— Task statement —
Return the line that has "Design: This elegant" and all lines below it through the last, exactly as they stand; omit pictures.

— Recorded data —
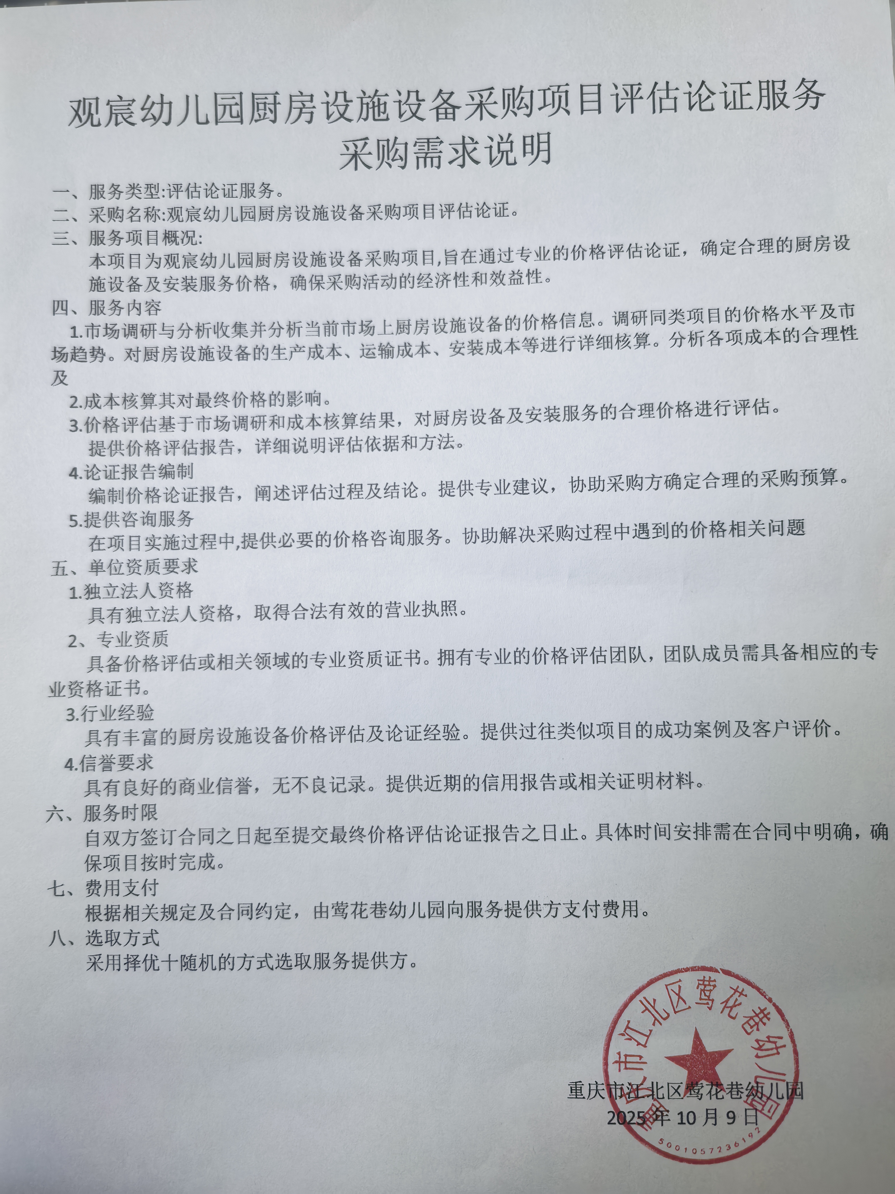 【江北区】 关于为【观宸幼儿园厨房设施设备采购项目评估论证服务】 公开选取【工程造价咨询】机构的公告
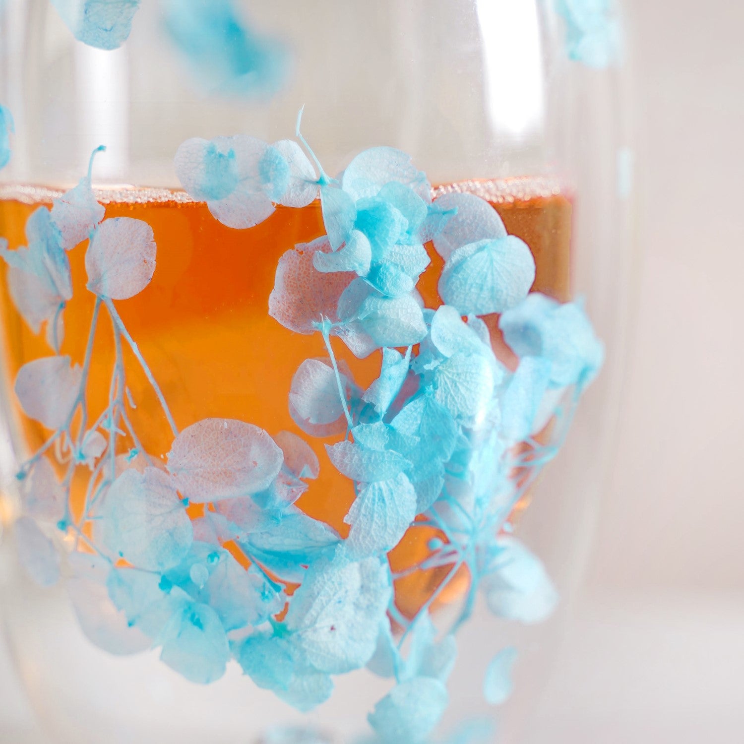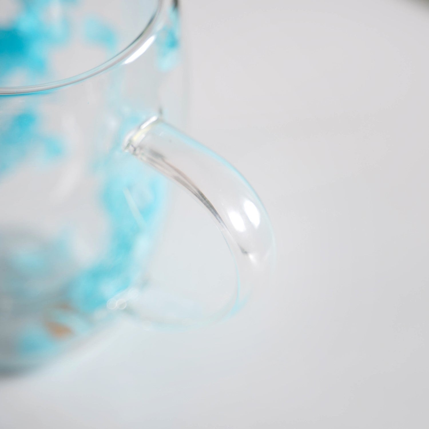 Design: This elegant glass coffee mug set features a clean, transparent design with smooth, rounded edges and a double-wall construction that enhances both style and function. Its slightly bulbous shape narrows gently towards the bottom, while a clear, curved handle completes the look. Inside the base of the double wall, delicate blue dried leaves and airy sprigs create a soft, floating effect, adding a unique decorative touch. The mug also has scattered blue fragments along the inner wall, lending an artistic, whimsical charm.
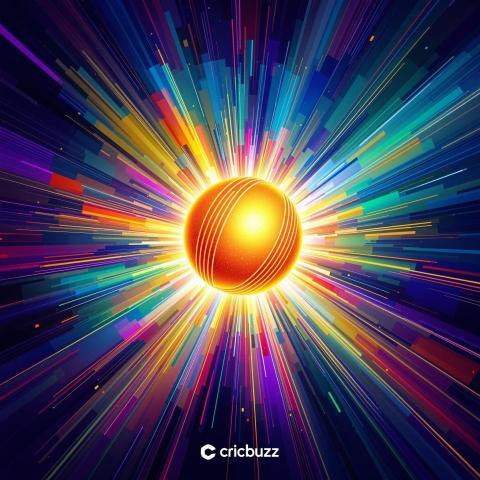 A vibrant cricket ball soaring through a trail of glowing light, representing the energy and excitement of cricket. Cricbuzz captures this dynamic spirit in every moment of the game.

— Expected answer —
 Design: This elegant glass coffee mug set features a clean, transparent design with smooth, rounded edges and a double-wall construction that enhances both style and function. Its slightly bulbous shape narrows gently towards the bottom, while a clear, curved handle completes the look. Inside the base of the double wall, delicate blue dried leaves and airy sprigs create a soft, floating effect, adding a unique decorative touch. The mug also has scattered blue fragments along the inner wall, lending an artistic, whimsical charm.
 A vibrant cricket ball soaring through a trail of glowing light, representing the energy and excitement of cricket. Cricbuzz captures this dynamic spirit in every moment of the game.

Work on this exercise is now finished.